In some Swiss cantons, a person who lives but does not work in Switzerland can choose a favorable a lump sum tax based on their spending and standard of living, not their worldwide income and assets.

In a desperate attempt to stop large taxpayers from leaving the country, Norway said it was exploring the possibility of introducing an «exit tax», whereby individuals are taxed on their saved capital income at the time they leave the country.

His government had already taken a major step to stop the exodus of the country's richest people when last November it lifted the «five-year rule» which meant wealthy Norwegians could sell their shares tax-free if they lived. abroad for over five years.

Norway has been led by a Labor Center coalition government since the parties won a landslide victory in September 2021, ending eight years of Conservative Party rule led by Erna Solberg.

The centre-left government's state budget last fall, which raised taxes on wealth, was welcomed by many on the left. Jonas Gahr Støre, the prime minister, told his Labor Party members at a national meeting in September: “A change of power in a society never happens without friction and some noise. A fairer tax system challenges those who have the means but are unwilling to contribute more to society. We need to be prepared for this.”

The OECD has warned that taxes on wealth have a negative impact on long-term growth, hurting entrepreneurship and risk appetite.

There are growing fears in Scotland that a 1 percentage point increase in the top two income tax rates will lead to a «brain drain» across the border. This month, the higher tax rate in Scotland increased from 41% to 42%, and the additional rate rose from 46% to 47%. For comparison, the additional rate in England is 45 per cent.

0704 Scotland Tax rate in England

Members of the Labor Party openly called on Sir Keir to introduce some form of wealth tax. The Labor leader denies he plans to introduce such a policy, but plans to target forms of wealth nonetheless.

Sir Keir wants to remove private schools' charity status, meaning they will lose their VAT exemption, a move that will cost families thousands of pounds a year in private school fees.

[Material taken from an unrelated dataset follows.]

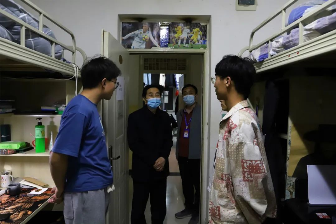 执行校长孟兆怀来到学生公寓楼,查看宿管工作和走访学生宿舍。在学生公寓楼大厅,他仔细查看了出入登记本、消毒凝胶保质期、检查了测温枪灵敏度,随后又深入宿舍与同学们亲切交流,逐一询问了同学们几号外出的;生活用品采购齐了吗?并耐心细致的回答了同学们提出的问题。鼓励同学们要适应疫情防控期间学习生活新要求,在"五四"青年节来临之际,要努力学习,发扬"五四"精神,在青春的赛道上跑出好成绩!

A family who currently pays £31,310 a year to send their two children to a private school will see their bills rise by £6,262 a year if the VAT exemption is cut, according to investment firm Waverton.

p>

The party has also pledged to abolish «non-home status», which allows UK residents living abroad to avoid paying UK tax on overseas income. It is believed that Labor will significantly shorten the window from the current 15 years until status expires. Tax experts have warned that the reduction in status could drive the economic elite out of the country.

Clearly, Labor also wants to raise the tax on second homeowners, blocking them from a planned council tax freeze and raising capital gains tax rates in line with Income tax rates.

Regarding the proposed wealth taxes in the UK, Mr Neidl said: “We don't really know what the implications of these taxes will be. But if existing wealth taxes are hurting growth, more ambitious wealth tax proposals are likely to hurt even more.”